School of Pharmacy, University of Waterloo, Kitchener, Ontario, Canada.
Indo-Soviet Friendship College of Pharmacy, Ghall Kalan, Punjab, India.
J Alzheimers Dis. 2024;101(4):1107-1120. doi: 10.3233/JAD-240575.
BACKGROUND: Older adults with dementia who are on polypharmacy are more vulnerable to the use of potentially inappropriate medications (PIM), which can significantly increase the risk of adverse events and drug-related problems (DRPs). OBJECTIVE: This systematic review and meta-analysis were conducted to map the prevalence of PIM use, polypharmacy, and hyper-polypharmacy among older adults with cognitive impairment or dementia attending memory clinics. METHODS: Ovid MEDLINE, Ovid EMBASE, Scopus, Cochrane Library, EBSCOhost CINAHL, and Ovid International Pharmaceutical Abstracts (IPA) were systematically searched from inception to April 22, 2024. Observational studies assessing the PIMs use among older adults with CI or dementia were screened.
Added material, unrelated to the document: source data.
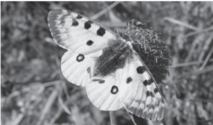
Wie hiess dieser Falter schon wieder?

Theorie 22./29.05., 12./19./26.06., Exkursionen 16./23.06.
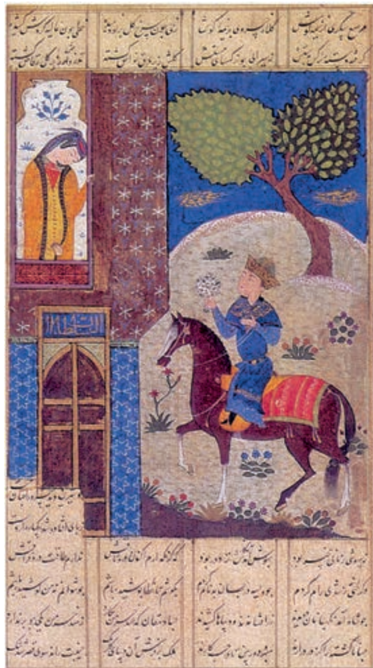
تصویر ۱۸-۱ خسرو با دسته گلی در کنار قصر شیرین، خمسه‌ی نظامی، اوایل قرن نهم هجری، دوره‌ی تیموری، مجموعه خصوصی

خود با نقاشی دیواری تعدادی از هنرمندان را به کار گرفته بود. اما به علت علاقه‌ی فراوان تیمور به هنر کتاب‌آرایی (نقاشی، تذهیب، تشعیر، جلدسازی، صحافی، خوشنویسی و...) و حمایت از این گونه هنرها مخصوصاً در پایتخت، هنر نقاشی دیواری رواج چندانی نیافت. آثاری که از نقاشی سمرقند باقی مانده تقلیدی از نقاشی چینی است حتی تعدادی از تصاویر، با مرکب چینی و با تکنیک نقاشی چینی اجرا شده است (تصویر ۱۸-۱).
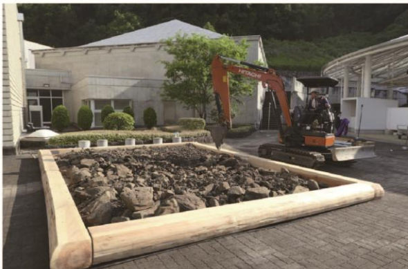
令和7年度の木枠の設置例
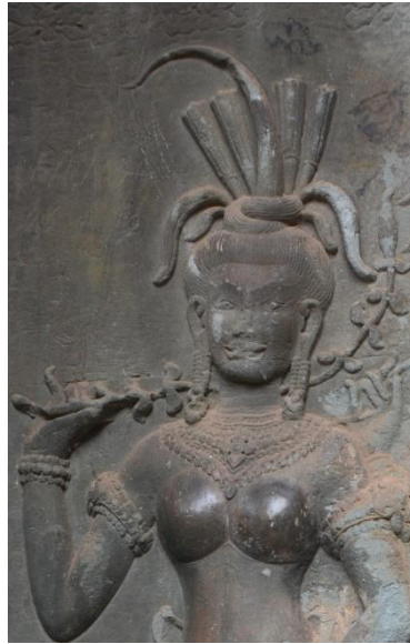
Code: A3-O-1-1.#1-1 (2)

ចម្លាក់អប្សរ Code: A3-O-1-1.#1-1 (2) នេះមានម៉ូតសក់ផ្ទៀងមួយច្បូតឡើងលើ និងពត់ចុងសក់ រាងកោងមកចំហៀងខាងស្តាំ ។ ម៉ូតសក់អប្សរនេះមានតាក់តែងលំអដោយស្លៀតផ្កាចំនួនប្រាំបីសៀតពី ក្រោយផ្ទៀងសក់ ដែលនៅក្នុងនោះមានស្លៀតផ្កាចំនួនបួន(កណ្តាល)ស្លៀតឡើងលើ ហើយស្លៀតផ្កា ទាំងបួនទៀតនៅចំហៀងសងខាង ដែលម្ខាងៗមានស្លៀតផ្កាចំនួនពីរ ស្លៀតពត់ទម្លាក់ចុះ ។
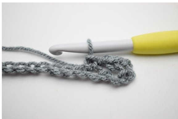
5. W ten sposób.
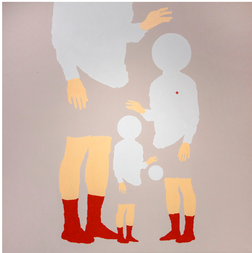
Кат. 23. Хороший мальчик. Серия «Tanz»

Кат. 21. Купальный сезон. Серия «Tanz» →
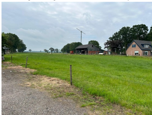
Afbeelding 1.1 Plangebied vanuit noordoosten (juni 2024)

JAMW Agrarisch OG B.V. (hierna: 'initiatiefnemer') is voornemens om op het agrarisch perceel tussen Dorpstraat 58 en 64/64a te Haule, woningbouw te realiseren. Het gaat om een inbreiding binnen het bebouwingslint met een vrijstaande woning. Op 26 maart 2024 heeft het college van burgemeester en wethouders van de gemeente Ooststellingwerf besloten hieraan in principe medewerking te verlenen. Daarbij is overwogen dat het toevoegen van de woning bijdraagt aan het terugdringen van het woningtekort en dat de locatie geschikt is voor woningbouw. De initiatiefnemer heeft het plan stedenbouwkundig uitgewerkt - aan de hand van het advies uit het principebesluit - en een participatietraject doorlopen. Op basis daarvan wordt nu het omgevingsplan gewijzigd.
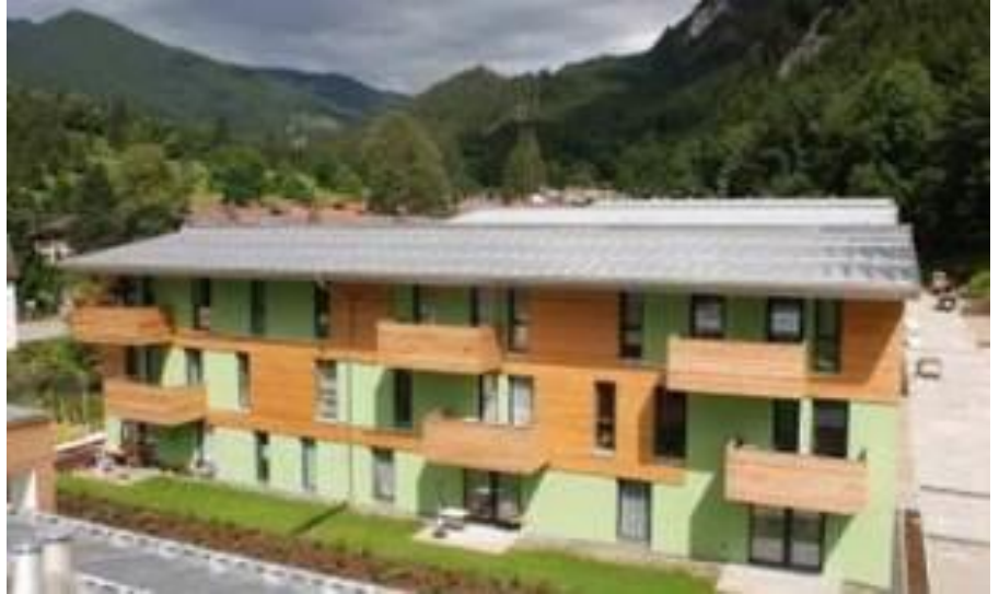
Erster Bauabschnitt, Blick auf die Westfassade
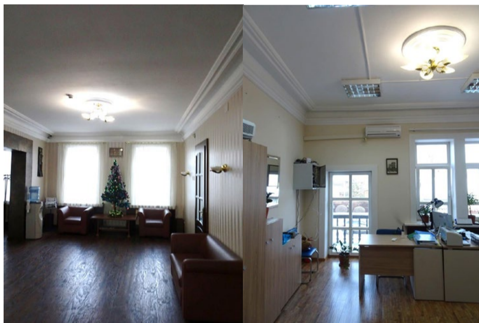
Фото 10, 11. Фрагменты интерьеров.
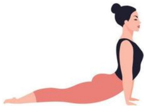
PERRO BOCA ARRIBA
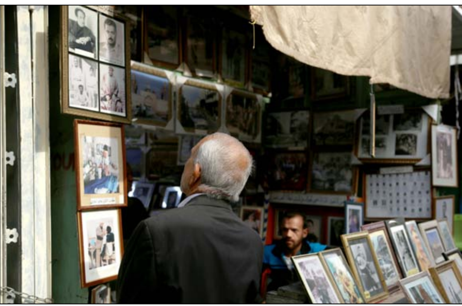
صور تاريخ العراق تلقى رواجاً في الاسواق...

6 محمد حميد رشيد يكتب: طائفون... ليسوا إسلاميين 6
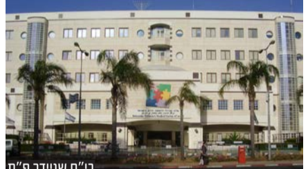
ב"ח שניידר פ"ת

יאיר בן ה-8 שאף צפצפה לריאותיו ונזקק לטיפול חירום במרכז שניידר
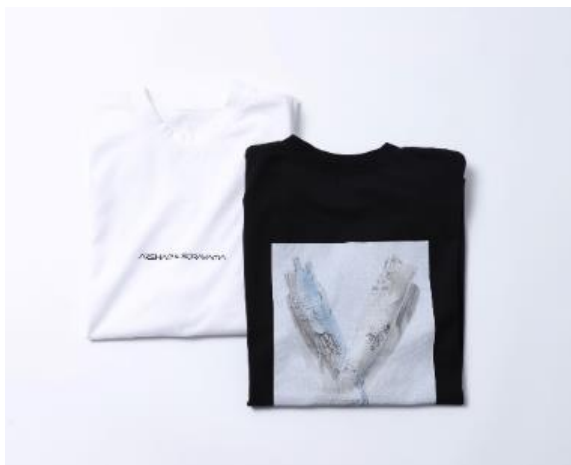
グラフィックTee S/S (2G TOKYO) ¥10,000 グラフィックTee L/S (2G TOKYO) ¥13,000
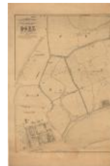
Popp-kaart: Atlas cadastral de Belgique - Commune de DOEL (Doel_Popp A4)
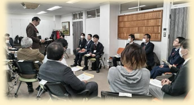
▲昨年度の居住支援協議会等との意見交換会の様子 (山形刑務所(左)、盛岡少年刑務所(右))
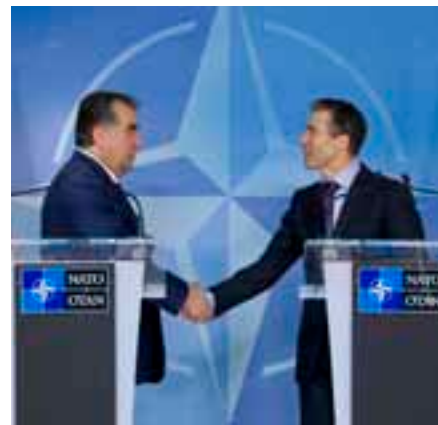
Tojikiston Prezidenti Emomali Raxmon NATO Bosh kotibi bilan, 2013 yil 10 aprelda ikki tomonlama hamkorlik, mintaqaviy xavfsizlik va narkotiklarga qarshi kurashni kuchaytirish maqsadida uchrashdi.

Qirg'iziston hamkorlik faoliyatining keyingi rivojiga katta qiziqish uyg'otmoqda va 2007 yilda TYH rejalashtirish va tahlil qilish Jarayonida ishtirok etishga rozilik bildirdi. 2010 yildagi siyosiy larzalar oqibatida yangi hukumat va Qirg'iziston parlamenti yana bir bor NATO davlatlari bilan munosabatlarni tasdiqladi. Qirg'iziston katta mamnuniyat bilan hozirda o'tkazilayotgan ijtimoiy moslashuv va istefoga chiqqan zaxiradagi harbiy xizmatchilarni qayta
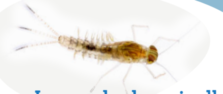
Larve de demoiselle
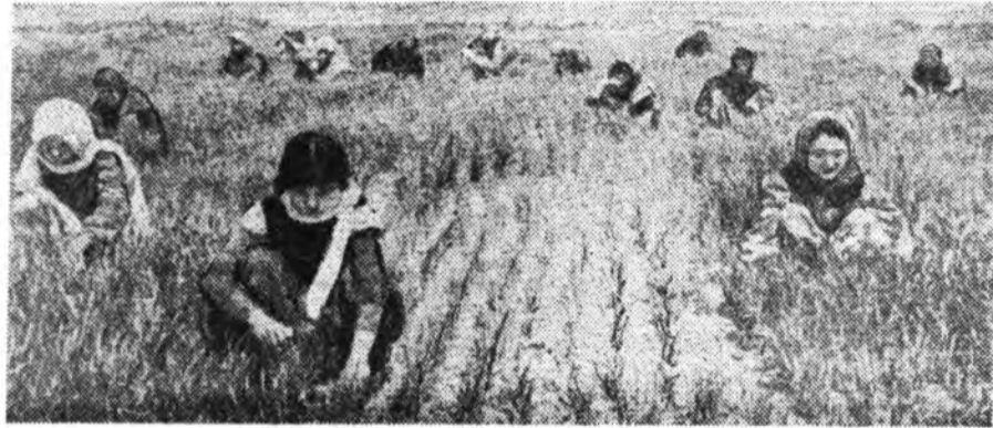
Казагууд хүдөө ажахые хаяхан эрхилжэ эхилбэшэе, шэнинсын найн ургаса абадаг болонхой.

Үбэр Монголой ниислэл — Хүхэ-Хото ургажа үндыжэ байна. (Үргэлжэлэһын хожом гараха)

A random- effects meta-analysis was conducted to pool the prevalence estimates. RESULTS: Of 5,787 identified citations, 11 studies including 4,571 participants from 8 countries were included. Among all the included studies the pooled prevalence of PIM use was 38% (95% confidence interval (CIn): 27- 50%), highlighting a notable range from 20% to 78%. The analysis identified anticholinergics, benzodiazepines, and non-benzodiazepine sedatives as the most common PIMs. Subgroup analysis revealed a higher pooled prevalence of PIM in the USA (39%; 95% CIn: 10- 78, I2 (%) = 98, 3 studies) and Australia (36%, 95% CIn: 12- 70, I2 (%) = 96, 2 Studies). Additionally, pooled prevalence of polypharmacy and hyper-polypharmacy was reported as (60%; 95% CIn: 46- 73, I2 (%) = 95, 3 studies), and (The prevalence of hyper-polypharmacy was 17.6%; 1 study) respectively. CONCLUSIONS: The definition of PIMs significantly impacts study results, often more than geographical variations. The variability in criteria and tools like the Beers or Screening Tool of Older Persons' Prescriptions (STOPP) criteria across studies and regions leads to differing prevalence rates.
背景:正在服用多种药物的老年痴呆症患者更容易使用潜在不适当的药物(PIM),这会显著增加不良事件和药物相关问题(DRP)的风险。
目的:本系统评价和荟萃分析旨在绘制认知障碍或痴呆症患者在记忆诊所就诊时使用潜在不适当药物、多种药物和超多种药物的流行率。
方法:从 Ovid MEDLINE、Ovid EMBASE、Scopus、Cochrane 图书馆、EBSCOhost CINAHL 和 Ovid 国际药学文摘(IPA)系统搜索,从创建到 2024 年 4 月 22 日。筛选评估认知障碍或痴呆症老年人使用潜在不适当药物的观察性研究。采用随机效应荟萃分析汇总流行率估计值。
结果:在 5787 条识别出的引文,有 11 项研究包括 8 个国家的 4571 名参与者被纳入。在所有纳入的研究中,PIM 使用的总体流行率为 38%(95%置信区间[95%CI]:27-50%),突出显示了从 20%到 78%的显著范围。分析确定了抗胆碱能药物、苯二氮䓬类药物和非苯二氮䓬类镇静剂是最常见的 PIM。亚组分析显示,在美国(39%;95%CI:10-78,I2(%)=98,3 项研究)和澳大利亚(36%;95%CI:12-70,I2(%)=96,2 项研究)中,PIM 的总体流行率更高。此外,报道的多种药物和超多种药物的总体流行率分别为(60%;95%CI:46-73,I2(%)=95,3 项研究)和(超多种药物的流行率为 17.6%;1 项研究)。
结论:PIM 的定义对研究结果有重大影响,通常比地理位置的变化影响更大。在不同研究和地区,Beers 或老年人处方筛选工具(STOPP)标准等标准和工具的差异导致了不同的流行率。